_WHAT IS NEEDED:_ From the first line down to the one containing "最後に新規事業企画の苦労と喜びを詩にしてもらいました。器用だ。", reproduce the entries below exactly and leave out the pictures.

(Collected data entries)
----

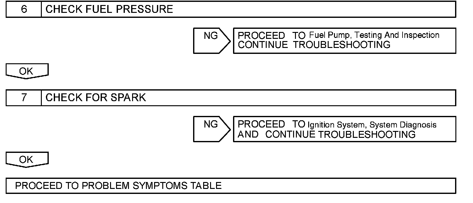 BASIC INSPECTIONWhen a malfunction is not confirmed by the DTC check, troubleshooting should be carried out in all circuits considered to be possible causes of the problem. In many cases, by carrying out the basic engine check shown in the given flowchart, the location of the problem can be found quickly and efficiently. Therefore, using this check is essential for engine troubleshooting.
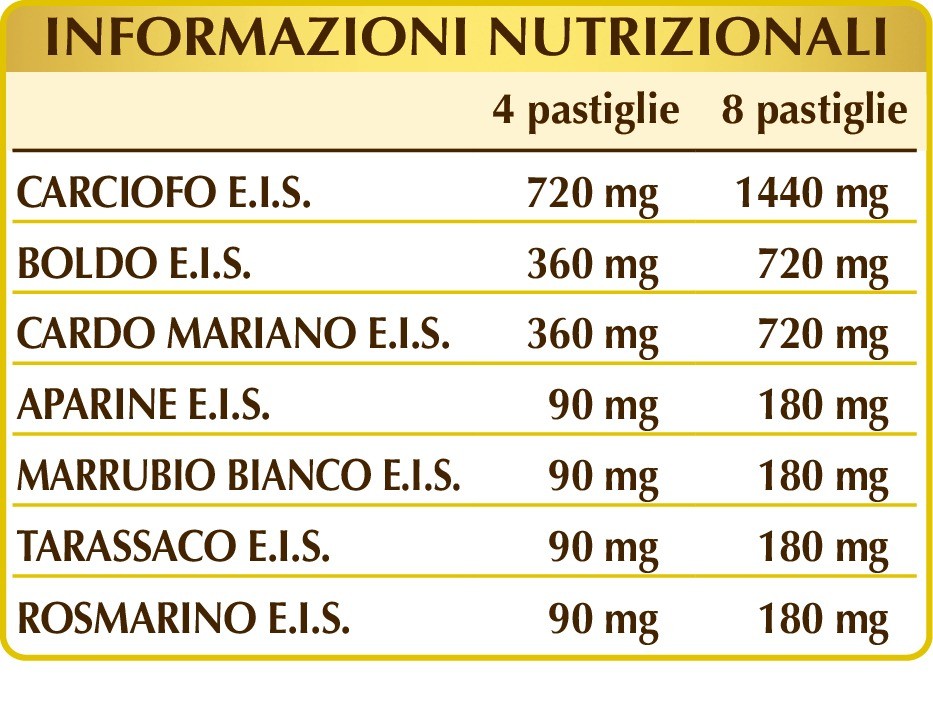 Carciofo (Cynara scolymus) foglie E.I.S., boldo (Peumus boldus) foglie E.I.S., cardo mariano (Silybum marianum) frutti E.I.S., cellulosa microcristallina°, gomma arabica°, marrubio bianco (Marrubium vulgare) erba con fiori E.I.S., tarassaco (Taraxacum officinale) radici E.I.S., aparine (Galium aparine) erba con fiori E.I.S., rosmarino (Rosmarinus officinalis) foglie E.I.S., silicio biossido°°, magnesio stearato di origine vegetale°°.
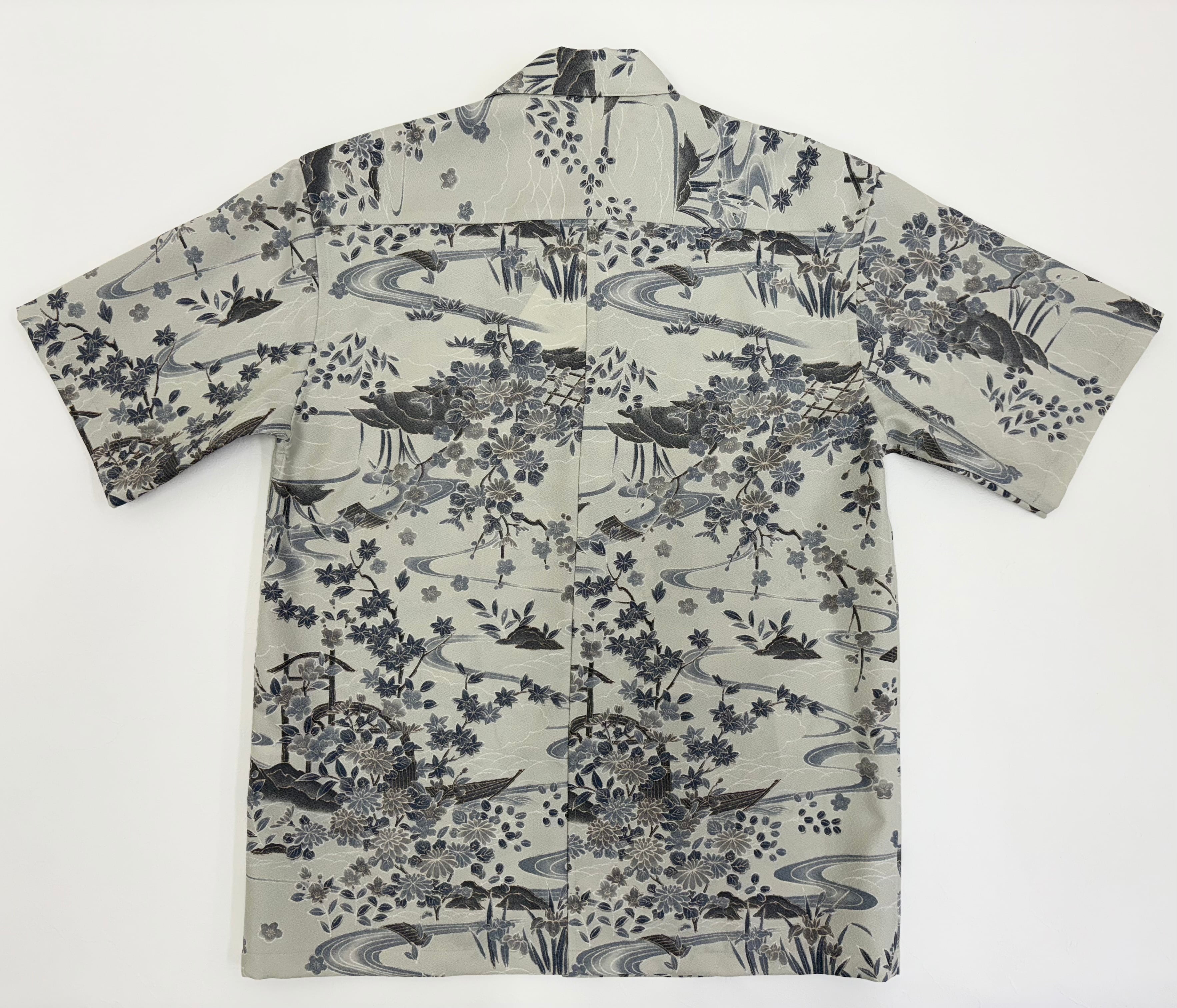 ヴィンテージの着物生地を使ってお仕立てした一点もののアロハシャツ。
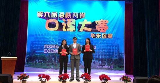 1114日,第六屆“海(hǎi)峽兩岸口譯大賽”華東區賽在寧波大學科學技術學院舉(jǔ)行。我(wǒ)校周有光語(yǔ)言文化學(xué)院徐奇、秦貝茜、高林三位(wèi)同(tóng)學在伊詠老師的指導下,與來(lái)自大陸43所高(gāo)校的144名(míng)口譯高手同台競(jìng)技,最終獲得優(yōu)勝獎。
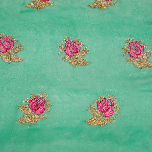 Inara Sea Green Viscose Georgette Embroidered Fabric in Buta Pattern
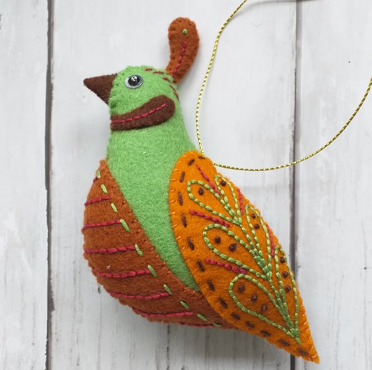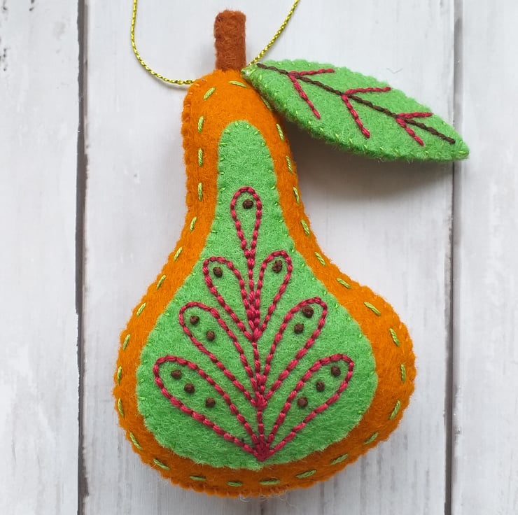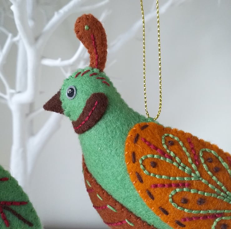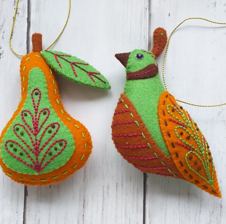 The partridge and pear have been made with 100% wool felt, embellished with complimentary embroidery.
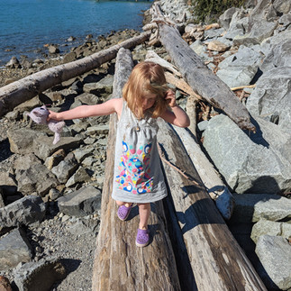 Moi je reste sur la plage avec les filles pendant ce temps. Elles mettent les pieds dans l'eau et jouent sur le sable mais ne se baignent pas car l'eau est froide. En après-midi on va à Tofino.
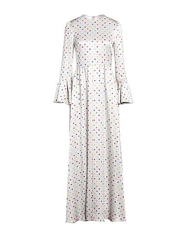 크레이프, 라미네이트 효과, 장식 부착 없음, 폴카도트, 라운드 네크라인, 롱 슬리브, 포켓 없음, 뒤여밈, 훅&아이, 지퍼여밈, 안감없음, 트라페즈 스커트
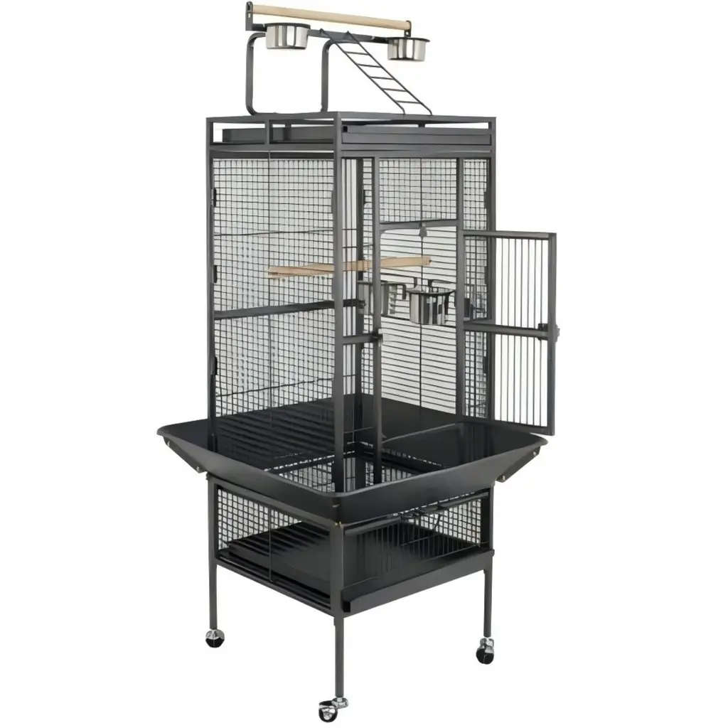 Large Bird Cage With Rooftop Playground & 360° Casters - Rolling Solid Wrought Iron Bird Cage With Roof Top For Parrots - Gray
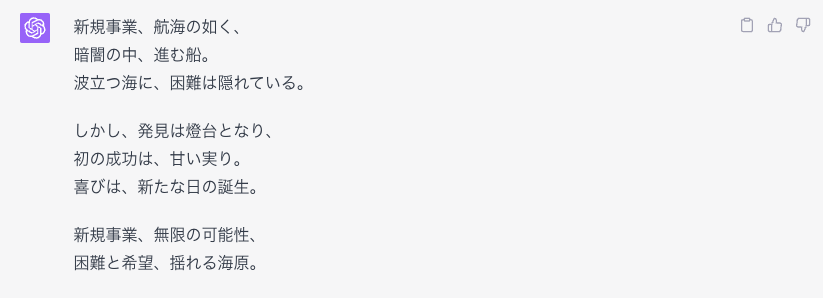 最後に新規事業企画の苦労と喜びを詩にしてもらいました。器用だ。
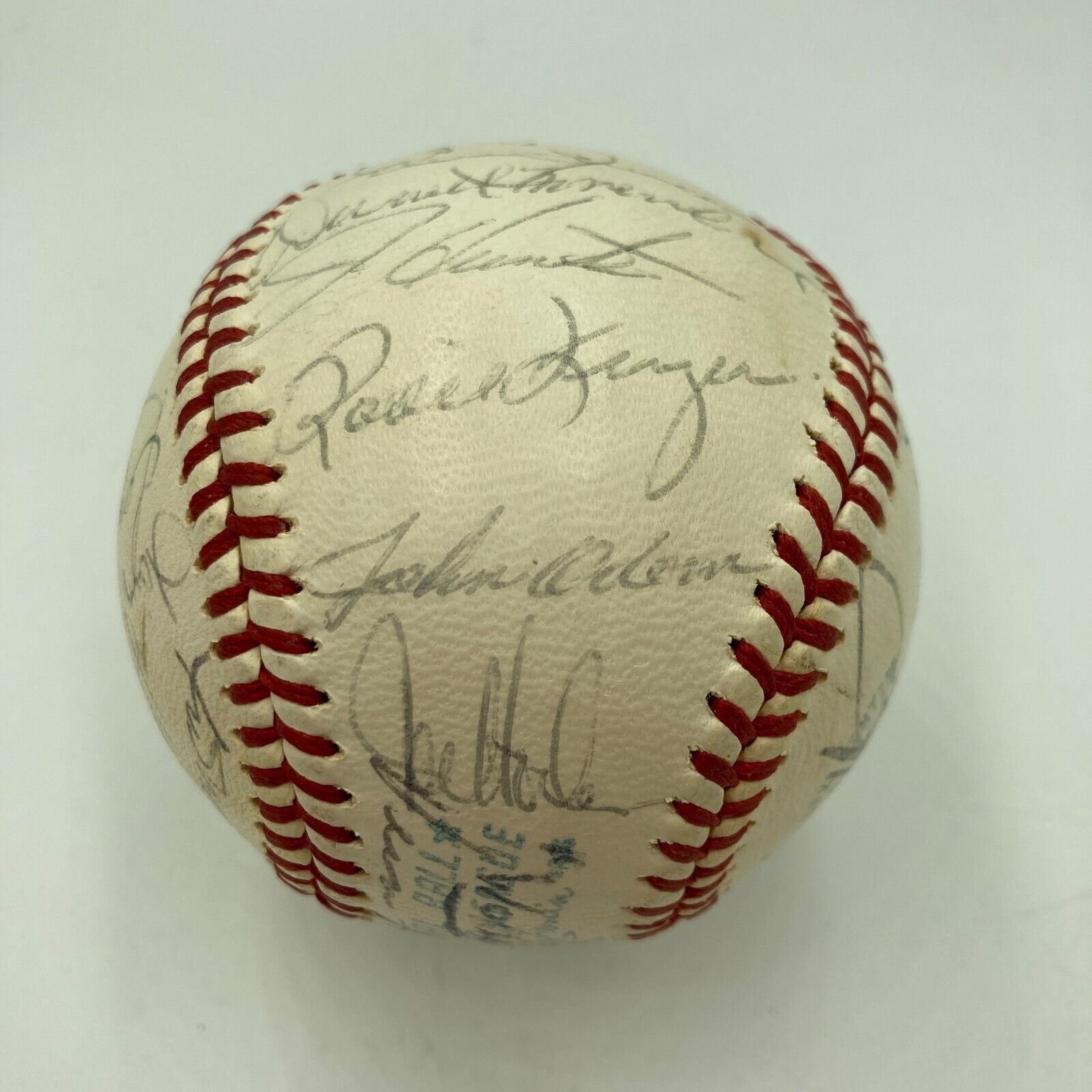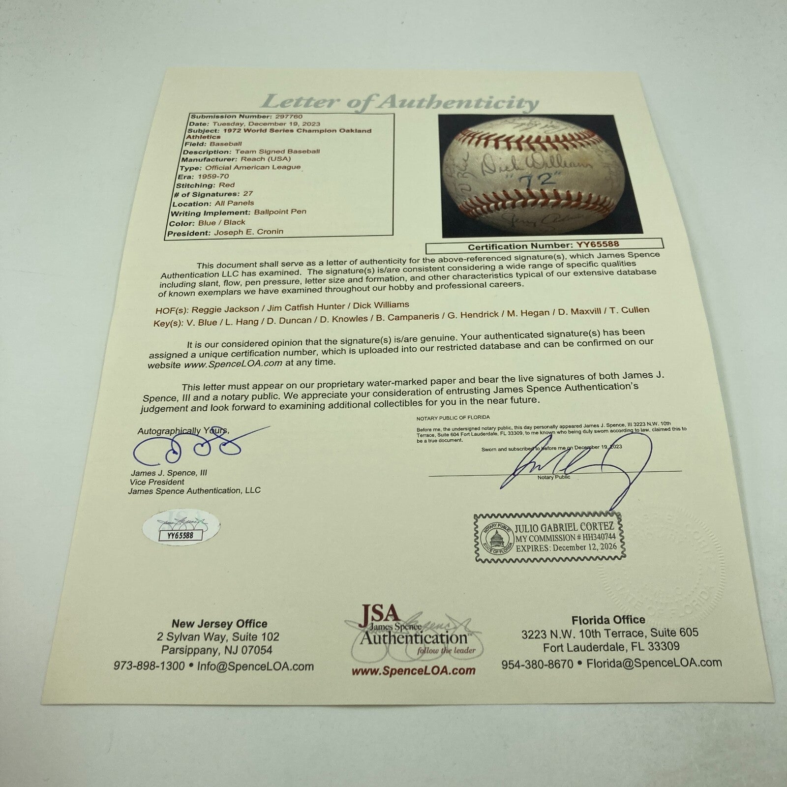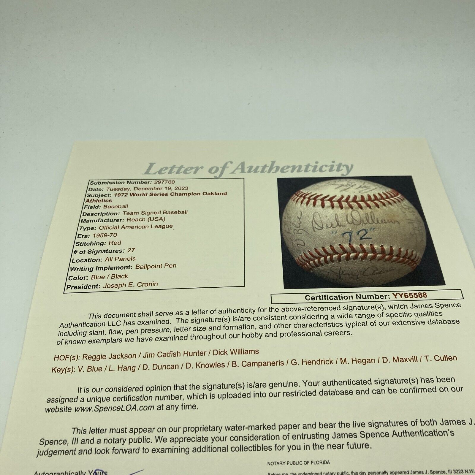 With manager Dick Williams and "72" commanding the sweet spot, this Reach Official American League baseball houses 27 signatures from the World Champion 1972 Oakland Athletics team. Hall of Famers Reggie Jackson and Catfish Hunter have signed the orb, with other key signatures including Blue, Duncan, Knowles, Campanaris, Maxvill, Hegan, and Hendrick. Full letter LOA from JSA.

----

_TASK RESPONSE:_
 BASIC INSPECTIONWhen a malfunction is not confirmed by the DTC check, troubleshooting should be carried out in all circuits considered to be possible causes of the problem. In many cases, by carrying out the basic engine check shown in the given flowchart, the location of the problem can be found quickly and efficiently. Therefore, using this check is essential for engine troubleshooting.
 Carciofo (Cynara scolymus) foglie E.I.S., boldo (Peumus boldus) foglie E.I.S., cardo mariano (Silybum marianum) frutti E.I.S., cellulosa microcristallina°, gomma arabica°, marrubio bianco (Marrubium vulgare) erba con fiori E.I.S., tarassaco (Taraxacum officinale) radici E.I.S., aparine (Galium aparine) erba con fiori E.I.S., rosmarino (Rosmarinus officinalis) foglie E.I.S., silicio biossido°°, magnesio stearato di origine vegetale°°.
 ヴィンテージの着物生地を使ってお仕立てした一点もののアロハシャツ。
 1114日,第六屆“海(hǎi)峽兩岸口譯大賽”華東區賽在寧波大學科學技術學院舉(jǔ)行。我(wǒ)校周有光語(yǔ)言文化學(xué)院徐奇、秦貝茜、高林三位(wèi)同(tóng)學在伊詠老師的指導下,與來(lái)自大陸43所高(gāo)校的144名(míng)口譯高手同台競(jìng)技,最終獲得優(yōu)勝獎。
 Inara Sea Green Viscose Georgette Embroidered Fabric in Buta Pattern
 The partridge and pear have been made with 100% wool felt, embellished with complimentary embroidery.
 Moi je reste sur la plage avec les filles pendant ce temps. Elles mettent les pieds dans l'eau et jouent sur le sable mais ne se baignent pas car l'eau est froide. En après-midi on va à Tofino.
 크레이프, 라미네이트 효과, 장식 부착 없음, 폴카도트, 라운드 네크라인, 롱 슬리브, 포켓 없음, 뒤여밈, 훅&아이, 지퍼여밈, 안감없음, 트라페즈 스커트
 Large Bird Cage With Rooftop Playground & 360° Casters - Rolling Solid Wrought Iron Bird Cage With Roof Top For Parrots - Gray
 最後に新規事業企画の苦労と喜びを詩にしてもらいました。器用だ。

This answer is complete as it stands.